## Imports and setting up GDAL environment variables

In [None]:
import json
import datetime
import requests as rq

import numpy as np

import matplotlib.pyplot as plt
import matplotlib as mpl
from matplotlib.colors import ListedColormap
import matplotlib.patches as mpatches
from IPython.display import Image

import folium

from osgeo import gdal

import shapely
import shapely.wkt
import shapely.geometry
from shapely.geometry import shape, MultiPolygon
from shapely.ops import transform as shapely_transform

import pyproj
from pyproj import Proj

import rasterio as rio
from rasterio.mask import mask
from rasterio.plot import show

from sklearn.cluster import KMeans

gdal.SetConfigOption('GDAL_HTTP_COOKIEFILE', '~/cookies.txt')
gdal.SetConfigOption('GDAL_HTTP_COOKIEJAR', '~/cookies.txt')
gdal.SetConfigOption('GDAL_DISABLE_READDIR_ON_OPEN', 'YES')
gdal.SetConfigOption('CPL_VSIL_CURL_ALLOWED_EXTENSIONS', 'TIF')
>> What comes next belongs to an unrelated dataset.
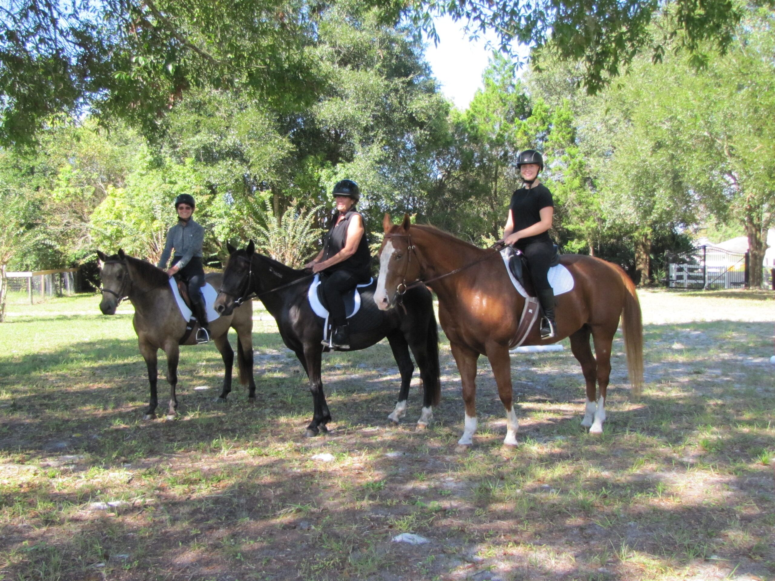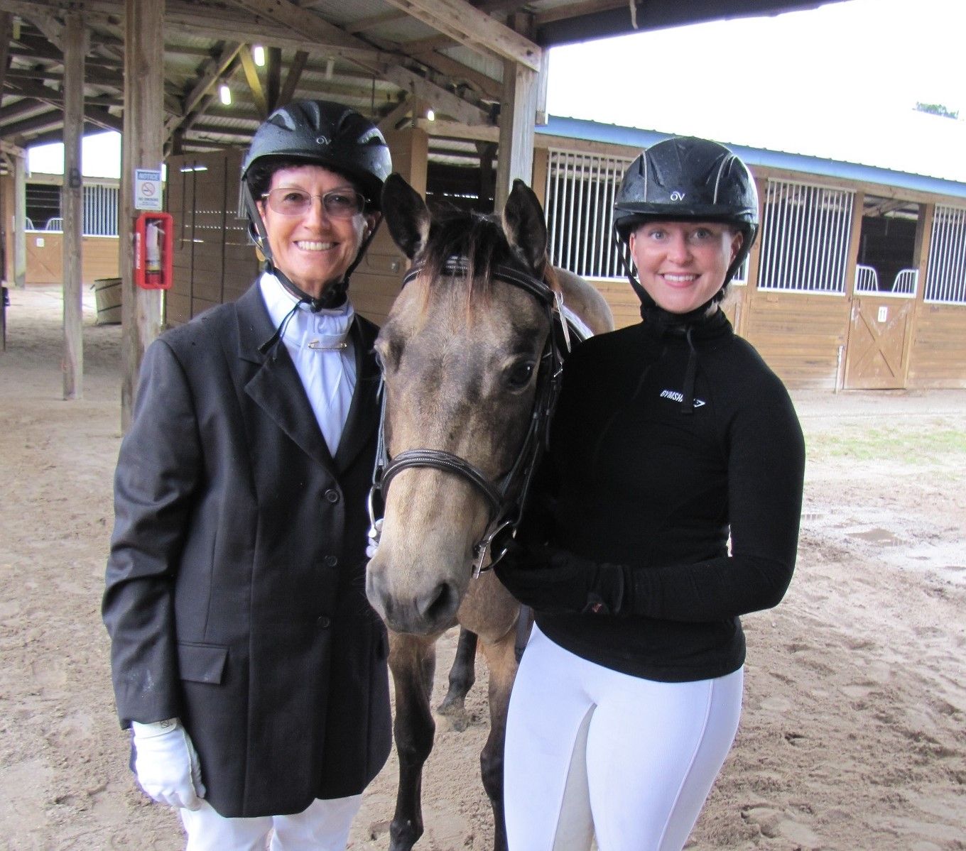 Desert Moon, aka Moonie, poses with her two riders, Michele Lockwood (left) and Michelle Ritter (right) at Silver Sands competing at Dressage Intro A and B. First dressage event for the Moonie!

mpl.rcParams['figure.dpi'] = 150

## Functions used throughout notebook

- **getndvi** : function to get NDVI array using NIR and RED arrays
- **reproject_aoi** : function takes CRS.from_espg and a WGS Shapely Polygon, to reproject WGS Shapely polygon to desired CRS
- **get_geojson_from_poly** : getting GeoJSON in list (as requried for rasterio mask) from any Shapely Polygon
- **add_geojson_to_map** : Adding a GeoJSON to Folium map

In [None]:
def getndvi(red, nir):
    return ((nir - red)/(nir + red))

def reproject_aoi(crs, aoishape):
    wgs84 = Proj('+proj=longlat +datum=WGS84 +no_defs', preserve_units=True)
    utm = pyproj.Proj(crs)
    trans_utm = pyproj.Transformer.from_proj(wgs84, utm)
    utm_shapely_polygon = shapely_transform(trans_utm.transform, aoishape)

    return utm_shapely_polygon

def get_geojson_from_poly(shapely_polygon):
    wktext = shapely.wkt.loads(str(shapely_polygon))
    json_str = json.dumps(shapely.geometry.mapping(wktext))

    geometry = [json.loads(json_str)]
    return geometry

def add_geojson_to_map(geojson, map):
    folium.GeoJson(geojson['geometry'],
        name = geojson['properties']['id'],
        zoom_on_click=True,
        style_function=styles).add_to(map)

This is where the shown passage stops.